Seedlings without (R1) and with (R2) root deformation were distributed in three conditions of light availability, repeated three times each. Light conditions were obtained by constructing shaded houses with 1 m wide × 1 m long × 0.80 m high, covered with different layers of shade cloths. The shade houses were then arranged randomly on three wooden and metal benches with 1 m height and 4.0 x 1.5 m area, so as to have a replica of each light environment per bench. Throughout the experiment, the photosynthetically active radiation (PAR) was measured using S-LIA-M003 light sensors coupled to Hobo Micro Station Data Loggers (Onset Computer, Massachusetts, USA). The data loggers were programmed to perform readings at 1-second intervals and to store the mean PAR values every 10 min. During the experiment, the average daily total PAR was 28, 12, and 1 mol photons m^-2 day^-1, respectively, for the three light environments. Air temperature and relative humidity were monitored inside the nursery using a Hobo Pro V2 Data Logger sensor (Onset Computer, Massachusetts, USA). The average daytime temperature was 27.5 °C and the average nighttime temperature was 23.8 °C, and the maximum and minimum temperatures were 31.6 °C and 23.1 °C, respectively. The average daily vapor pressure (DPV) deficit was 0.81 kPa.

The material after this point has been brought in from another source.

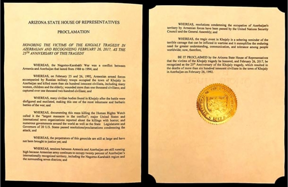 Sonda, Arizona Ştatının Nümayəndələr Palatası tərəfindən 26 fevral 2017-ci il tarixinin Xocalı faciəsinin 25-ci ildönümü kimi tanındığı və faciənin qurbanlarının yad edildiyi bildirilir.

At the beginning of the experiment, when plants were transferred to the light environment, (RDM₁), stems (SDM₁), leaves (LDM₁) and total dry mass (TDM) were evaluated for 10 seedlings with root deformation and 10 seedlings without root deformation. Dry masses of roots, stems, and leaves were obtained by drying plant parts in an air-circulating oven at 50 °C until a constant dry mass was obtained. At 43 days after the beginning of the experiment, measures of plant height (H) and diameter (D) were measured. The plants were removed from the substrate, and the root volume (RV) was measured by the displaced water method using a 500 mL measuring beaker. The plants were then separated into roots, stems, and leaves for the determination of RDM₂, SDM₂, LDM₂, and TDM₂. From these values, the following variables were calculated:

root mass ratio ${RMR}_{2} = \frac{{RDM}_{2}}{{TDM}_{2}}$ , stem mass ratio ${SMR}_{2} = \frac{{SDM}_{2}}{{TDM}_{2}}$ , and leaf mass ratio ${LMR}_{2} = \frac{{LDM}_{2}}{{TDM}_{2}}$ , relative growth rate based on total plant dry mass $RGR = \frac{In {TDM}_{2} - In {TDM}_{1}}{43}$ , relative growth rate based on leaf mass ${RGR}_{L} = \frac{\ln {LDM}_{2} - \ln {LDM}_{1}}{43}$ , relative growth rate based on stem dry mass ${RGR}_{S} = \frac{\ln {SDM}_{2} - \ln {SDM}_{1}}{43}$ , and relative growth rate based on root dry mass ${RGR}_{R} = \frac{\ln {RDM}_{2} - \ln {RDM}_{1}}{43}$ , where indices 1 and 2 correspond to the evaluations performed at the end and at the beginning of the experiment, respectively, and 43 days was the duration of the experiment. Based on data of H, D, RDM, and RV, we calculated the ratios of D/H, D/RV, and H/RV.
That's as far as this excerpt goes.